Food contamination in Sanju village near Hotan left a dozen dead and sickened some 120 others.
Photo: RFA

Doctors in northwestern China say authorities are withholding information about a food contamination case that has led to the deaths of a dozen people and sickened some 120 others, raising suspicion over the source of the poisoning.

The food contamination, which affected mostly ethnic Uyghur residents of a village outside of the city of Hotan in China’s Xinjiang Uyghur Autonomous Region on Aug. 20, was linked to vinegar served at a large communal meal to break the traditional daily fasting Muslims observe during the holy month of Ramadan.

According to a Tuesday report by the official Xinhua news agency, residents of Sanju (in Mandarin, Sangzhu) village had consumed vinegar from two plastic barrels that had previously contained toxic antifreeze and began to feel sick the following morning.

Xinhua said police are still waiting for results from toxicity tests to confirm the source of the poisoning.

But a doctor from the Guma County Hospital, where several of the victims were treated, said Tuesday that authorities were holding back information on the contaminant.

“It is a secret. Everybody has been treated and has already been released from the hospital,” the doctor said.

“They wouldn’t tell us. The government is now carrying out a test at the prefectural level and they haven’t notified us what the contaminant is.”
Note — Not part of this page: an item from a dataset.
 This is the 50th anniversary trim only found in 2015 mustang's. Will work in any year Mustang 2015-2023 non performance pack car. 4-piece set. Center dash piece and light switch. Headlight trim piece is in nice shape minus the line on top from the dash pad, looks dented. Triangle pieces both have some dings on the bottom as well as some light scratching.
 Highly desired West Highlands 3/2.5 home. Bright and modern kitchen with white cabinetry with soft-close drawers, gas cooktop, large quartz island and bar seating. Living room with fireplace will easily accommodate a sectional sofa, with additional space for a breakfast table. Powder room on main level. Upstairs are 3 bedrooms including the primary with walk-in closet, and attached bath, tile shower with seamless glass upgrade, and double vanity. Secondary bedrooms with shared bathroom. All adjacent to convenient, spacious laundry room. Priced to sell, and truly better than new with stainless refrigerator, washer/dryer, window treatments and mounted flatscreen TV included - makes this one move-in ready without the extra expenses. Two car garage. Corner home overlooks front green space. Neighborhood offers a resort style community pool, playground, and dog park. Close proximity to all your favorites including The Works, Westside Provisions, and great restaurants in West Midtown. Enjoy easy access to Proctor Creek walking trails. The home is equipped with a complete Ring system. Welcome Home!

The doctor said he didn’t understand why the government would keep the information from the hospital.

Another doctor from the area said that it is unlikely a small amount of antifreeze would have such lethal effects on the villagers.

“If antifreeze is ingested up to a certain point, it won’t damage the human body,” he said.
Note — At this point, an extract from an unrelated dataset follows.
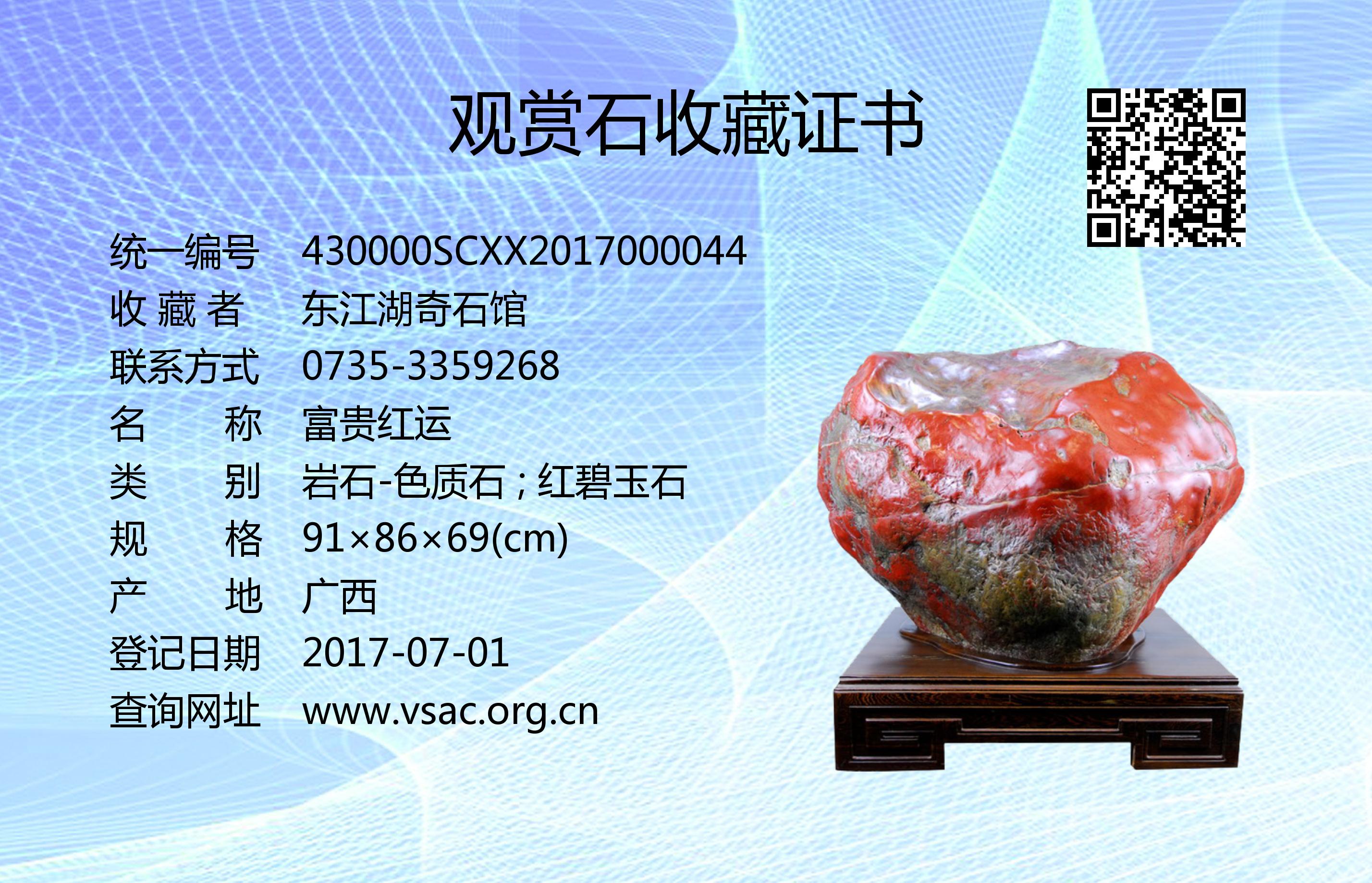 2017年4月8日,国石(北京)鉴定评估有限公司依据《观赏石鉴评》(GB/T31390-2015),鉴评结论为“二级”。

“If it killed these people almost instantly, the vinegar would more likely have been contaminated with a very serious chemical which could destroy your liver, kidney, and heart. It must have been something stronger than antifreeze.”
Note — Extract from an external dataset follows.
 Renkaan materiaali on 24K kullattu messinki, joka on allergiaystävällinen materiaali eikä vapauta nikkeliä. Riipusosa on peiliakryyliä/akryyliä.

Antifreeze commonly contains a chemical known as ethylene glycol, which causes symptoms such as diarrhea and vomiting.

In a phone interview on Thursday, local police station chief Turghun Sabir said he knew nothing about the source of the contamination and could not answer any questions related to the matter.

“Before I speak about this issue, I will have to request permission from my superiors,” he said, before adding that he could no longer talk because he was busy with police work.

Scores affected

Xinhua said that at least 11 people were left dead from the poisoning and that about 120 others had been sent to the hospital because they had been sickened by the vinegar.

The report said that a six-year-old girl was among the dead and that another person remained in critical condition, adding that the remaining victims had been released from the hospital after they were treated.

A man from Sanju village said Monday that at least 13 people were killed by the tainted vinegar.

“My father told me that a funeral was held for 13 people at the mosque during prayers,” he said.

The villager said all of the victims were sickened after eating lang pung, a soybean salad which is coated with vinegar, from a local food stall.

“I didn’t know all of those who died, but I knew three. They were Tohtikhan, Gulkiz, and Atakhan.”

A woman resident of the village said that Tohtikhan, who owned a restaurant next to the food stall, didn’t die from eating the lang pung.

“She borrowed some vinegar from the stall owner and ate two hoshang (fried meat-filled buns) with vinegar. The same day, she got a stomach ache and went to see the doctor. But she passed away around 3:00 a.m.,” she said.

The woman said that Tohtikhan’s son Araphajan, who had recently passed his national entrance exams for college, also ate one hoshang with vinegar and was sickened from the contaminant, but was treated at the hospital and survived.

A 22-year-old college senior at Xinjiang University in the Xinjiang capital Urumqi named Rukiya Ablet who was working an internship in the area also died, she said.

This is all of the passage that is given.